On December 16, 2010, the district court granted preliminary approval of the class action settlement. RJN, Ex. H, Preliminary Approval Order. On April 15, 2011, Plaintiffs filed a Motion for Final Approval of the Class Action Settlement. RJN, Ex. I. As part of that Motion for Approval, the plaintiffs submitted detailed information regarding the 456 class members who had requested exclusion from the Class Action Settlement. RJN, Ex. J, Declaration of Jeffrey K. Burns. On May 17, 2011, the district court approved the Class Action Settlement. RJN, Ex. K (Order Granting Final Approval of Class Action Settlement); Exh. L, (Class Action Judgment); RJN, Ex. M, (Orders Dismissing Appeals to the Ninth Circuit). The Settlement included a release by the plaintiffs of the "(1) 'Alleged Claims' and all claims "arising out of the Alleged Claims, the origination of the Settlement Class Member's Pick-a-Payment mortgage loan, the manner in which the Defendants applied the Settlement Class Member's payments to principal and interest, negative amortization, the Pick-a-Payment mortgage loan's potential for negative amortization, the disclosure of the Pick-a-Payment mortgage loan's potential for negative amortization, and the disclosure of the manner in which payments would be applied to principal and interest." RJN, Ex. G.

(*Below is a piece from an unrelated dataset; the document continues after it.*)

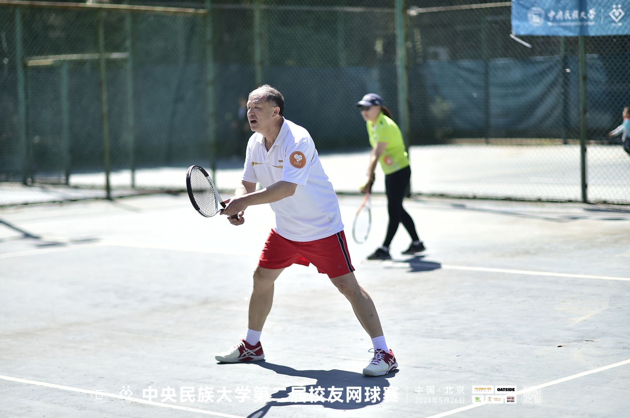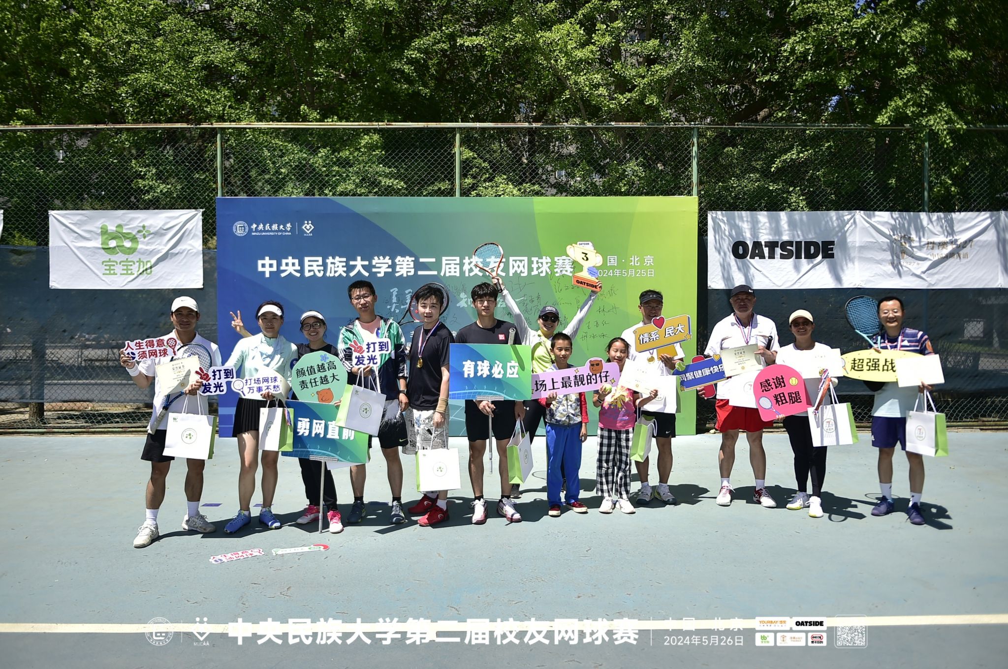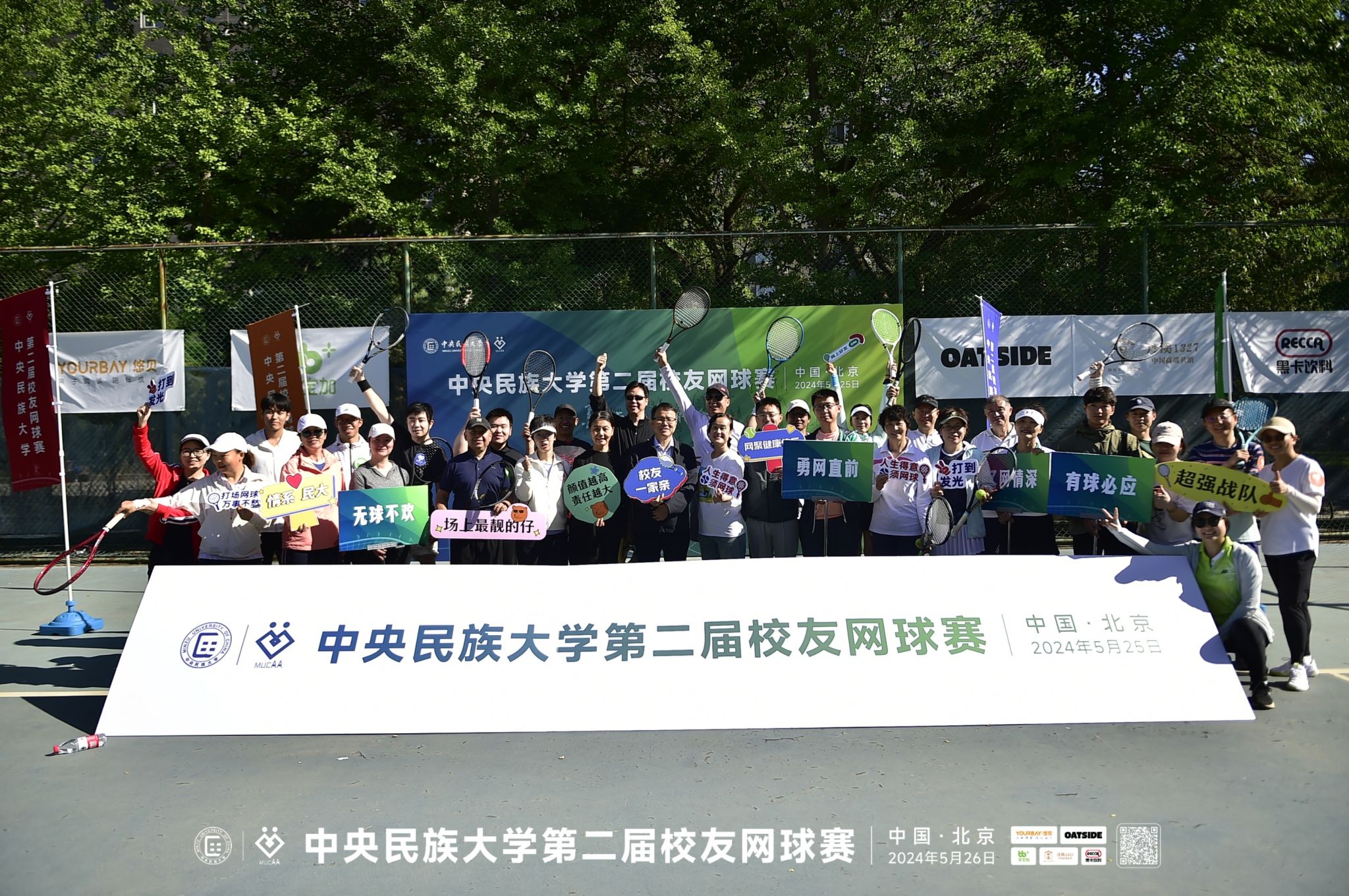 新闻网讯 5月26日,在海淀校区,校友们欢聚母校,红橙蓝绿、彩旗飘飘,共同参与和见证属于民大校友网球人的节日——第二届民大校友网球团体赛。william威廉中文官网党委常委、副校长、校友总会会长石亚洲,校友总会秘书长白勇,工会副主席赵丽红,优秀校友代表、悠贝教育科技集团董事长林丹女士和赛会主要赞助商代表,名誉网球校友等嘉宾参加比赛开幕式。开幕式由1997级校友彭亚华主持。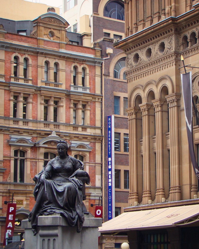 Statyn i brons av drottning Victoria som finns framför QVB gjordes av John Hughes 1908 och placerades ursprungligen i Dublin. Där stod den fram till 1947, då den togs ner. Den gavs senare till folket i Sydney av Irlands regering och placerades på dess nuvarande plats 1987.

Alleged Claims are defined as "claims that are alleged in the Lawsuit and the Related Actions, including, but not limited to, claims that the Defendants and the Additional Defendants violated TILA, state unfair competition laws, state unfair and deceptive trade practices statutes, and state consumer protection laws; breached the terms of the Parties' contracts; engaged in fraudulent misrepresentation or omissions; and breached the implied duty of good faith and fair dealing in connection with the Plaintiffs' Pick-a-Payment mortgage loans by failing to adequately disclose the loans' potential for negative amortization, providing Borrowers with inaccurate payment schedules, failing to disclose the interest rates on which those payment scheduled were based, and failing to disclose the terms of the Parties' legal obligations, entitling them to damages, statutory penalties, restitution, punitive damages, interest, attorneys' fees, costs, injunctive relief, and other legal or equitable relief under state and federal law." Motion at 6, n. 1 (citing RJN, Ex. G) (emphasis added).
In their opposition to the Defendant's Motion to Dismiss, the Plaintiffs admit that they are members of the class actions. Plaintiffs' Response to Motion to Dismiss (hereafter "Pl.'s Opp.") at 4.
C. The Motion to Dismiss
Defendant asserts that all of Plaintiffs' claims are barred and/or fail to state a claim. First Defendant argues that the claims are barred under principles of res judicata by the class action settlement in Mandrigues v World Savings, Inc.. Second, Defendant argues that each of the claims in the FAC is preempted by federal law, namely, the Homeowner's Loan Act of 1933, 12 U.S.C. § 1461 ("HOLA") and the regulations promulgated thereunder by the Office of Thrift Savings ("OTS"), which extends to residential mortgage lending and servicing activity conducted by a federally chartered savings bank. 12 C.F.R. § 560.2 & Silvas v. E*Trade Mortgage Corp., 514 F.3d 1001, 1006 (9th Cir. 2008)). Third, Defendant contends that the claims are time-barred. Fourth, Defendant argues that Plaintiffs fail to state facts that could support a claim. Motion at 1-2. Specifically, with respect to the violation of Business and Professions Code § 17200, Defendant asserts that the claim for breach of contract and breach of the implied covenant of good faith and fair dealing fails because Plaintiffs have not pled ay unlawful, unfair or fraudulent conduct, which is required elements for this type of claim. Id. at 16-8. Regarding the fraud claim, Defendant argues that the contract signed by Plaintiffs clearly explains the terms of the Loan and that the Plaintiffs' admitted failure to read or "investigate" the contract does not save their argument. Id., ¶ 18. Defendant argues that the third claim for negligent misrepresentation fails because of the lack of a duty owed to the Plaintiffs - i.e., Defendant Wells Fargo as a financial institution and lender of money owes no duty of care to a borrower. Id., ¶ 19. Finally, Defendant argues that the contractual breach of the implied covenant of good faith and fair dealing claim fails for two reasons: 1) the failure to allege a "discretionary duty pursuant to which Wells Fargo did not act in good faith" (Motion at 20, and 2) bad faith claims cannot be based on actions that occurred before formation of the contract. Id.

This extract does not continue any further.